Last year, a friend lost her job and defaulted on the EMIs of her car loan and after the fifth month of default, two employees of the bank came and took her car away. She asked me, “How is it that Vijay Mallya and Nirav Modi get away but people like us can’t?” I had jokingly replied, “Well you could get away too if you absconded to another country with the car.” Last week, I asked her to read Mr Kaul’s book in which he lucidly explains why, “if you owe your bank a hundred pounds, you have a problem. But if you owe your bank a million pounds, it has,” as John Maynard Keynes had remarked and modified by The Economist  as “If you owe your bank a billion pounds everybody has a problem.” She read the book and called to thank me for suggesting it.

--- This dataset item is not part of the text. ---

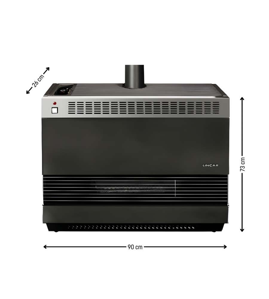 Descrizione: Stufa a gas Lincar potenza 12000 W, predisposta metano, dimensioni 90x26x73 cm. Con accensione piezoelettrica e ventilazione forzata, è ideale per riscaldare con efficienza diversi ambienti. Trasformabile GPL. Colore nero.

As evident from the examples above, Mr Kaul’s book, if read with the attention it deserves, helps everyone, not just economics and finance students and practitioners, to understand how developments in the banking sector and the various cycles of lending, NPAs and regulations have implications for everyone. The decisions taken over time slowly and steadily weave an invisible mesh of mess that gets noticed only when someone like a Mallya or a (Nirav) Modi gets trapped in that web and catches the imagination of the nation. How does this mesh get woven? That is what Mr Kaul traces and explains in his book.

Bad Money  is a focused saga of the banking system in India that includes the creation and evolution of the public sector banks, nationalisation and privatisation, regulations by the Reserve Bank of India such as the Insolvency and Bankruptcy Code, 2016, and how politics, too, played out along the way. It goes back and forth like a “Tarantino movie”, as the author puts it, goes into the back stories, the sub-plots and the numbers that substantiate the stories.

The problem with the book lies in its strengths. The book is focused, so it may not seem appealing to readers who look for more broad-based books on the economy and the financial system. Once they pick up the book, however, they will find that it does take an overall view of the financial system while keeping the banking system at the centre. The book also contains a lot of numbers and graphs that may act as speed breakers in an otherwise fast-paced book, though this data adds to the authenticity of the analysis.

The book is also a one-stop shop for anyone looking for references on the Indian banking system. One can only marvel at the number of books, monographs, articles, and documents from various websites that have been referred to. Anyone researching related topics need not look elsewhere and may be able to add only a “delta approaching zero” to what Mr Kaul has written. This book organises the messy material and presents the “long and short” of it in a readable, understandable and relatable manner.